DIRECTIONS FOR THIS TASK:
The listing below has to be output exactly as given, less its pictures.

LISTED ENTRIES:
------
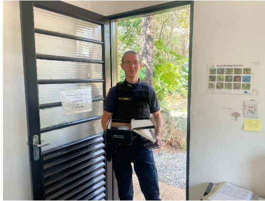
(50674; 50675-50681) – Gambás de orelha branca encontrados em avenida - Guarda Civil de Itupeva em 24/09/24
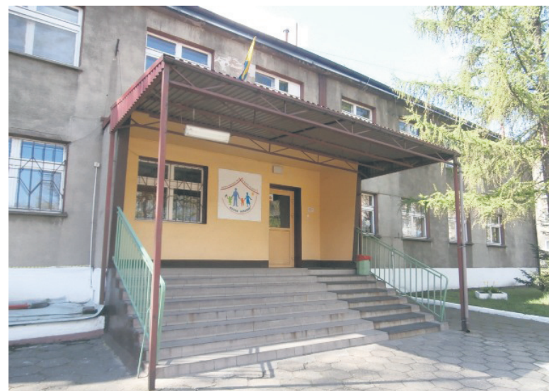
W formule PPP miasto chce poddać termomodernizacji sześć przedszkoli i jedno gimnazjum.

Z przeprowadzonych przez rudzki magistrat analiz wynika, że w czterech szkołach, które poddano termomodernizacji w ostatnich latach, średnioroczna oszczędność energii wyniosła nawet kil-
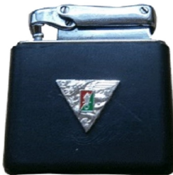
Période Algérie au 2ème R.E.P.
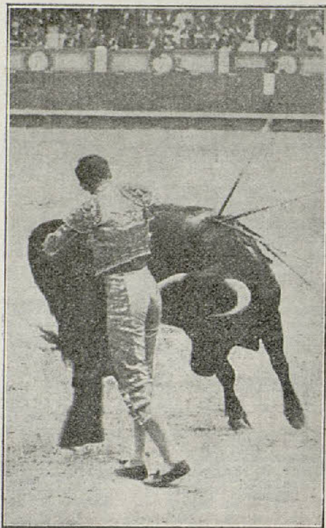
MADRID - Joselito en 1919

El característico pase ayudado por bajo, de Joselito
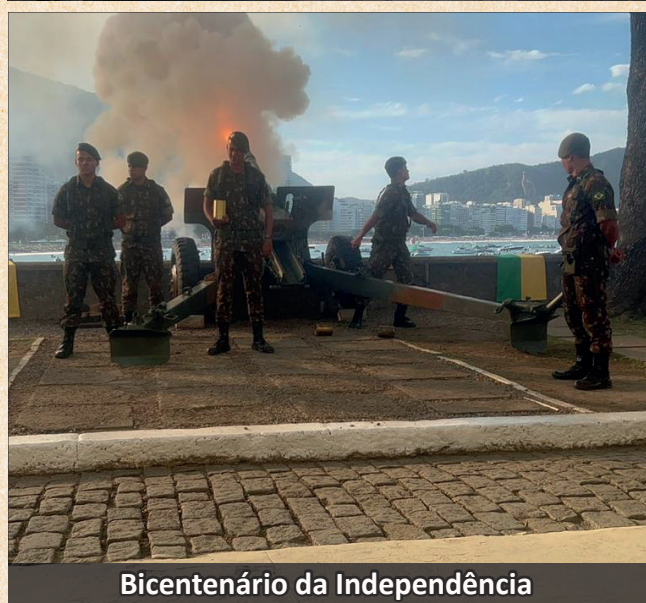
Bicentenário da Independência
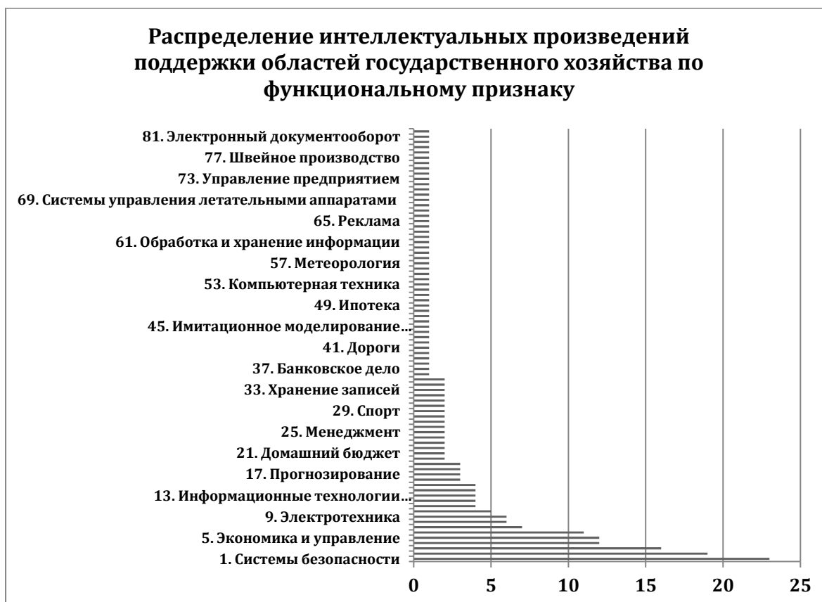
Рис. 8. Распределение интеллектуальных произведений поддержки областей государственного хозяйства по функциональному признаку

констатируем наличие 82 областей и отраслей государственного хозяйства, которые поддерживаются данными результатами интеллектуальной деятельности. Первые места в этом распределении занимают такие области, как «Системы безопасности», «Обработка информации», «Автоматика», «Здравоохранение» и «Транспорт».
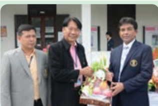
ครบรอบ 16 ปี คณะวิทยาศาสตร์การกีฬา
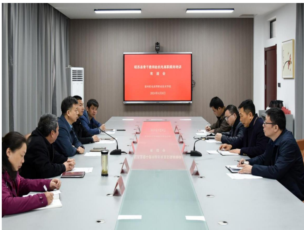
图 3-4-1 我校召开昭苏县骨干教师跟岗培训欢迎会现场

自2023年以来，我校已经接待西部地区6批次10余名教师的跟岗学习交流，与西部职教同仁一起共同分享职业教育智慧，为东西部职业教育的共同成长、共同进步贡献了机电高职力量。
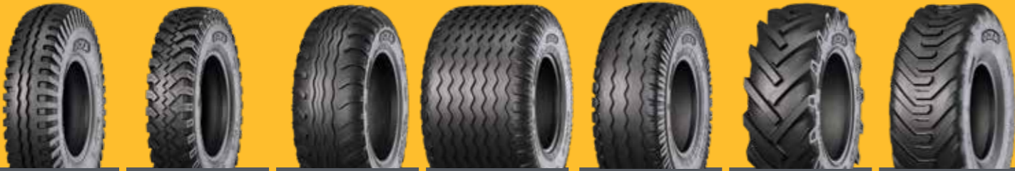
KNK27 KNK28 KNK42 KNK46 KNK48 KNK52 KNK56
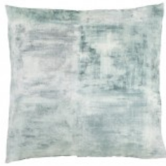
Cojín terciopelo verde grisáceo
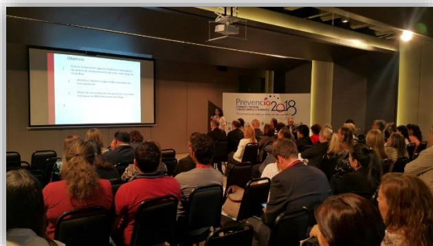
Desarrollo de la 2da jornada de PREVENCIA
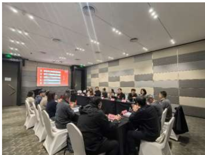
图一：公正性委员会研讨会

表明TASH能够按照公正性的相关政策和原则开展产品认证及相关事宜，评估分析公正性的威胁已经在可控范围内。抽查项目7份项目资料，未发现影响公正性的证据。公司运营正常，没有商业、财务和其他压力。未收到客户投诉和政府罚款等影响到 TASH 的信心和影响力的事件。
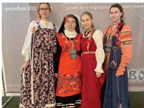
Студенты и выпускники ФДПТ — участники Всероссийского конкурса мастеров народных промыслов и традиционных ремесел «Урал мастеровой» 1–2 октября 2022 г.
------
ANSWER TO THIS EXERCISE:
(50674; 50675-50681) – Gambás de orelha branca encontrados em avenida - Guarda Civil de Itupeva em 24/09/24
W formule PPP miasto chce poddać termomodernizacji sześć przedszkoli i jedno gimnazjum.

Z przeprowadzonych przez rudzki magistrat analiz wynika, że w czterech szkołach, które poddano termomodernizacji w ostatnich latach, średnioroczna oszczędność energii wyniosła nawet kil-
Période Algérie au 2ème R.E.P.
MADRID - Joselito en 1919

El característico pase ayudado por bajo, de Joselito
Bicentenário da Independência
Рис. 8. Распределение интеллектуальных произведений поддержки областей государственного хозяйства по функциональному признаку

констатируем наличие 82 областей и отраслей государственного хозяйства, которые поддерживаются данными результатами интеллектуальной деятельности. Первые места в этом распределении занимают такие области, как «Системы безопасности», «Обработка информации», «Автоматика», «Здравоохранение» и «Транспорт».
ครบรอบ 16 ปี คณะวิทยาศาสตร์การกีฬา
图 3-4-1 我校召开昭苏县骨干教师跟岗培训欢迎会现场

自2023年以来，我校已经接待西部地区6批次10余名教师的跟岗学习交流，与西部职教同仁一起共同分享职业教育智慧，为东西部职业教育的共同成长、共同进步贡献了机电高职力量。
KNK27 KNK28 KNK42 KNK46 KNK48 KNK52 KNK56
Cojín terciopelo verde grisáceo
Desarrollo de la 2da jornada de PREVENCIA
图一：公正性委员会研讨会

表明TASH能够按照公正性的相关政策和原则开展产品认证及相关事宜，评估分析公正性的威胁已经在可控范围内。抽查项目7份项目资料，未发现影响公正性的证据。公司运营正常，没有商业、财务和其他压力。未收到客户投诉和政府罚款等影响到 TASH 的信心和影响力的事件。
Студенты и выпускники ФДПТ — участники Всероссийского конкурса мастеров народных промыслов и традиционных ремесел «Урал мастеровой» 1–2 октября 2022 г.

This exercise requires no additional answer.